Published online 2017 January 31. doi:  10.1364/BOE.8.001250
PMCID: PMC5330547

Lactate based optical screening of dengue virus infection in human sera using Raman spectroscopy

Abstract

This study presents the screening of dengue virus (DENV) infection in human blood sera based on lactate concentration using Raman spectroscopy. A total of 70 samples, 50 from confirmed DENV infected patients and 20 from healthy volunteers have been used in this study. Raman spectra of all these samples have been acquired in the spectral range from 600 cm−1 to 1800 cm−1 using a 532 nm laser as an excitation source. Spectra of all these samples have been analyzed for assessing the biochemical changes resulting from infection. In DENV infected samples three prominent Raman peaks have been found at 750, 830 and 1450 cm−1. These peaks are most probably attributed to an elevated level of lactate due to an impaired function of different body organs in dengue infected patients. This has been proven by an addition of lactic acid solution to the healthy serum in a controlled manner. By the addition of lactic acid solution, the intense Raman bands at 1003, 1156 and 1516 cm−1 found in the spectrum of healthy serum got suppressed when the new peaks appeared around 750, 830, 925, 950, 1123, 1333, 1450, 1580 and 1730 cm−1. The current study predicts that lactate may possibly be a potential biomarker for the diagnosis of DENV infection.

OCIS codes: (300.0300) Spectroscopy, (300.6450) Spectroscopy, Raman

1. Introduction

DENV infection is the most widely spreading mosquito born disease and become a major public health concern affecting millions of people world wide [1]. Dengue virus is transmitted to human via Aedes genus, especially Aedes agypti. It is an enveloped positive single strand virus which belongs to the family of flaviviridae. This family also includes Hepatitis C Virus, West Nile Virus and Yellow Fever Virus. Primary infection by any serotype leads to moderate severity and short immunity against all serotypes whereas lifelong immunity to the specific infecting type. However, subsequent ‘secondary’ infection by other serotype may lead to life threatening severe disease. In Asia, the risk of severe dengue infection is greater in children (≤15 years) than in adults [25]. Common symptoms of dengue infection include high fever, severe muscles/bones pain, headaches, nausea and vomiting. In most cases dengue patients recover from the infection by taking rest and maintaining body fluids. In the advance stage, dengue fever (DF) transfer to its severe life-threatening dengue hemorrhagic fever (DHF) or dengue shock syndrome (DSS) [610].

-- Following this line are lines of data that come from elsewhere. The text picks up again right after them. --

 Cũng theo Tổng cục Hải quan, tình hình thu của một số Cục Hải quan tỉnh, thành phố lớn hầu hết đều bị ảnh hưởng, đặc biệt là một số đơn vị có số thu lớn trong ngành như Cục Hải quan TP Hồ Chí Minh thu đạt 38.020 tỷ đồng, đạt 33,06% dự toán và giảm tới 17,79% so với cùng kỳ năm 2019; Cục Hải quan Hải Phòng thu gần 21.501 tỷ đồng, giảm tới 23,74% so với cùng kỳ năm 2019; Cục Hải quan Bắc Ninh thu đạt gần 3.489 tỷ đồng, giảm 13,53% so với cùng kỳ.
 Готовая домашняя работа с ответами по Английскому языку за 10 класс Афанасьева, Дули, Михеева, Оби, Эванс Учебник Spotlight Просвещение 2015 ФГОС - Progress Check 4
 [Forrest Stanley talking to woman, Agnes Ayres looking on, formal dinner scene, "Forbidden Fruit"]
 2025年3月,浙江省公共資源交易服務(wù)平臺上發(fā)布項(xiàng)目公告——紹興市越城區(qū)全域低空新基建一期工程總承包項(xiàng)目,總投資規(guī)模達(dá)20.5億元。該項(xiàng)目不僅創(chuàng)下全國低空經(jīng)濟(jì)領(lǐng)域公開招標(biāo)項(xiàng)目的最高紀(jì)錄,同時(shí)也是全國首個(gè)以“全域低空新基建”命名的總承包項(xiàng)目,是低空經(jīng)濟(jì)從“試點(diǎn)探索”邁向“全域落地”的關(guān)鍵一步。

Currently there is no specific treatment for dengue, but proper medical care can prevent lives. An early and efficient diagnosis of dengue virus infection is of critical importance for treatment as well as better management of the disese [1113]. Cells and tissues are highly complex structures made of proteins, nucleic acids, polysaccharides, lipids, vitamins and other components that form the molecular compounds. In almost all diseases, initially changes occured at cellular level that successively proceed. Different types of laboratory tests such as polymerase chain reaction (PCR) and ELISA are used for viral dectection and monitoring of associated biochemical changes respectively. These techniques are quite good but also have some short comings. Since PCR is used for direct detection of virus, so it is effective only in the intial five days after an onset of the disease [14]. Likewise it is expensive, require high level of technical expertise and time consuming (almost a week). The ELISA test which are routinly perfomed for dengue infection diagnosis is based on immunoglobulin M & G (IgM & IgG) concentration, are comparitively fast and can differentiate between primaray and secondary infection. At the same time ELISA have the problem of false positive results which limit its use for monitoring of patients at mass scale.

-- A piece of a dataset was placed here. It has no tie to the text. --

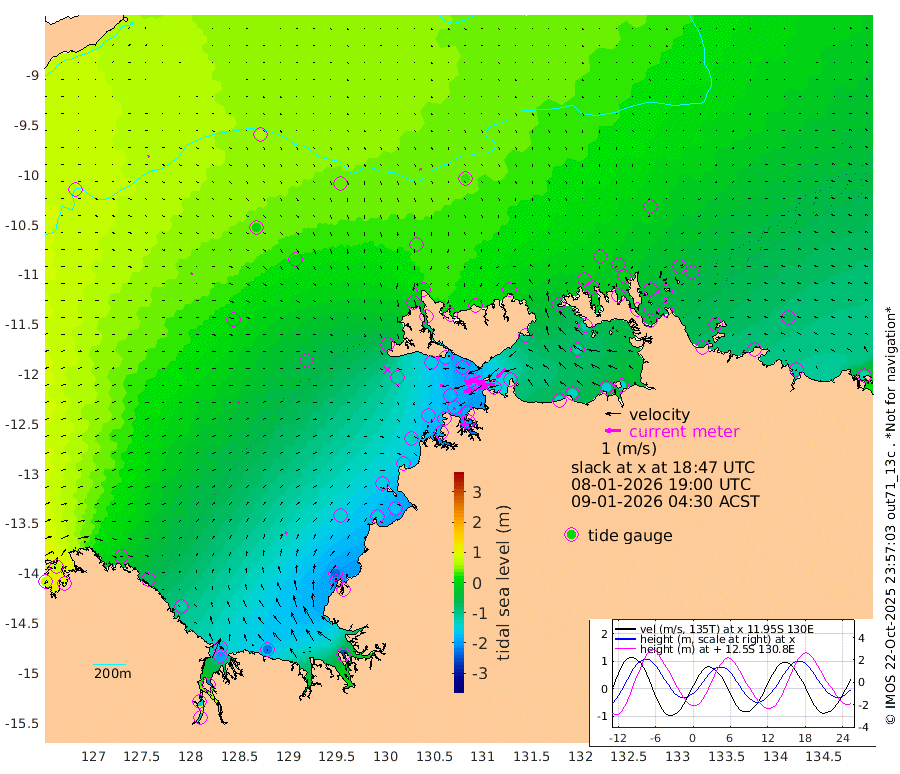 157cm/s -101T +4cm/s rms + 6cm/s 51T. Darwin_C1 52m 108cm/s -91T +4cm/s rms + 7cm/s -161T. Darwin_CW1 22m 79cm/s -106T +4cm/s rms + 8cm/s 61T. Darwin_CW2 34m 80cm/s -136T +3cm/s rms + 9cm/s 98T. Darwin_CW3 22m 127cm/s -91T +5cm/s rms + 7cm/s 88T. Darwin_C3 56m 86cm/s -116T +2cm/s rms + 9cm/s -126T. Darwin_CTbW 22m 9cm/s 158T +9cm/s rms + 2cm/s -110T. NWSLYN 196m 20cm/s -105T +1cm/s rms + 1cm/s -47T. DARBGF 30m 9cm/s 53T +7cm/s rms + 2cm/s -137T. ITFTIS 464m 12cm/s 50T +9cm/s rms + 1cm/s 74T. ITFMHB 146m 16cm/s 29T +4cm/s rms + 1cm/s -134T. ITFJBG 61m 14cm/s 70T +6cm/s rms + 4cm/s 121T. ITFFTB 108m 15cm/s -93T +4cm/s rms + 3cm/s 80T. NRSDAR 19m 73cm Carronade Island 76cm Guy Point 82cm Napier Broome Bay -22cm Lesueur Island -122cm Reveley Island -68cm Rocky Island -197cm Cape Domett -175cm Lacrosse Island -215cm Adolphus Island -138cm Pender Point -123cm Wyndham 9cm The Boxers 2cm Unnamed Shoal 61cm Loxton Shoal -223cm Pelican Island 18cm Calder Shoal 37cm Evans Shoal -256cm Quoin Island -208cm Port Keats -205cm Jones Point -234cm Catfish Island -145cm Cape Scott Offshore -136cm Cape Ford -162cm Anson Bay 24cm Goodrich Bank -153cm Peron Island North -137cm Point Jenny -132cm Native Point -159cm Fish Reef -158cm Tapa Bay -59cm Point Fawcett (Offshore) -176cm Burge Point -152cm Munkunuwa -117cm Beagle A -181cm Parsons Bank -171cm Fenton Patches 32cm Lynedoch Bank -178cm Hancox Shoal Area -185cm Nightcliff -198cm Darwin -171cm Charles Point Patches -151cm Glyde Point -137cm Chambers Bay -134cm Point Stuart -138cm Cape Hotham -119cm Christine Reef -146cm West Alligator Head -136cm East Field Island -119cm Two Hills Bay -58cm Newby Shoal -101cm Camp Point -160cm Medina Inlet South -43cm South Barlow Point -15cm St. Asaph Bay 21cm Cape Van Dieman 15cm Snake Bay 12cm Cache Point 75cm Echo Shoal -9cm Point Jahleel (Off) -58cm Cape Don -19cm Port Essington -23cm Smith Point - West -18cm NW Peacock Island -2cm North Of Jones Shoal -3cm Peacock Island -35cm Point David -26cm D'urville Point -8cm Money Shoal -40cm Copeland Island -60cm Cape Cockburn -36cm One Tree Point -46cm Hogmany Shoal -33cm New Year Island - West -40cm Grant Island -64cm Aurari Bay -81cm Cuthbert Point -63cm North Goulburn Island -75cm Paxie Shoal -104cm Entrance Island -126cm Yabooma Island

In recent years, spectroscopic techniques have attracted great intereset in the field of biomedical diagnosis because the light that scattered, reflected or passes through the sample provided useful information about the samples. Raman spectroscopy has proved itself an emerging tool for the characterization of biochemical changes in biological samples and achieved significant progress in early detection of different diseases [1517]. Raman spectroscopy is an inelastic scattering of light by the sample based on their molecular vibrations. Thus, a Raman spectrum provides a fingerprint from which information about molecular composition can be obtained that forms the basis for the diagnosis of the infectious diseases. Our group is standardizing Raman spectroscopic technique for the early diagnosis of dengue infection in recent years [18].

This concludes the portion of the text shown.